Information provided:
★ ★ ★ ★ ★ ★ ★

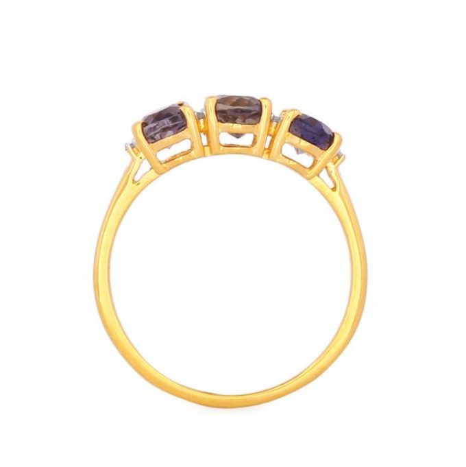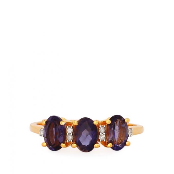 Iolite Ring with Diamond in Gold Plated Sterling Silver
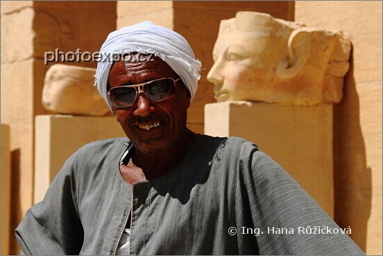 Dobrovolný průvodce v Hatšepsutině chrámu, díky jehož "placené ochotě" jsem si mohla nafotit nejkrásnější hlavu Hatšepsuty. Je jedním z mnoha Egypťanů, kteří sami sebe pasují na vaše dočasné zaměstnance, pokud se zrovna ocitnete v jimi "obývané" egyptské památce. Aniž se vás ptá, začne vám ukazovat různé reliéfy, vysvětlovat, co co znamená, má vás k tomu, abyste ho následovali, protože jinak přijdete o něco opravdu zajímavého... a poté natáhne dlaň a čeká. A když mu v ní nic nepřistane, umí být velmi nepříjemný. Pokud nechcete, aby se vás celou dobu držel jako klíště, musíte být důrazní a často až drsní :=) Dér el- Bahrí, Egypt.
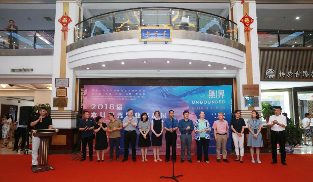 2018届毕业作品展在亮宝楼开幕。美国贝勒大学Rinn M. Cloud教授、明尼苏达大学服装设计系Lucy E.Dunne副教授、加州州立大学北岭分校曹薇教授、韩h漫

★ ★ ★ ★ ★ ★ ★

Required action: Everything in the data except the pictures must appear in your answer unchanged.

Solution:
 Iolite Ring with Diamond in Gold Plated Sterling Silver
 Dobrovolný průvodce v Hatšepsutině chrámu, díky jehož "placené ochotě" jsem si mohla nafotit nejkrásnější hlavu Hatšepsuty. Je jedním z mnoha Egypťanů, kteří sami sebe pasují na vaše dočasné zaměstnance, pokud se zrovna ocitnete v jimi "obývané" egyptské památce. Aniž se vás ptá, začne vám ukazovat různé reliéfy, vysvětlovat, co co znamená, má vás k tomu, abyste ho následovali, protože jinak přijdete o něco opravdu zajímavého... a poté natáhne dlaň a čeká. A když mu v ní nic nepřistane, umí být velmi nepříjemný. Pokud nechcete, aby se vás celou dobu držel jako klíště, musíte být důrazní a často až drsní :=) Dér el- Bahrí, Egypt.
 2018届毕业作品展在亮宝楼开幕。美国贝勒大学Rinn M. Cloud教授、明尼苏达大学服装设计系Lucy E.Dunne副教授、加州州立大学北岭分校曹薇教授、韩h漫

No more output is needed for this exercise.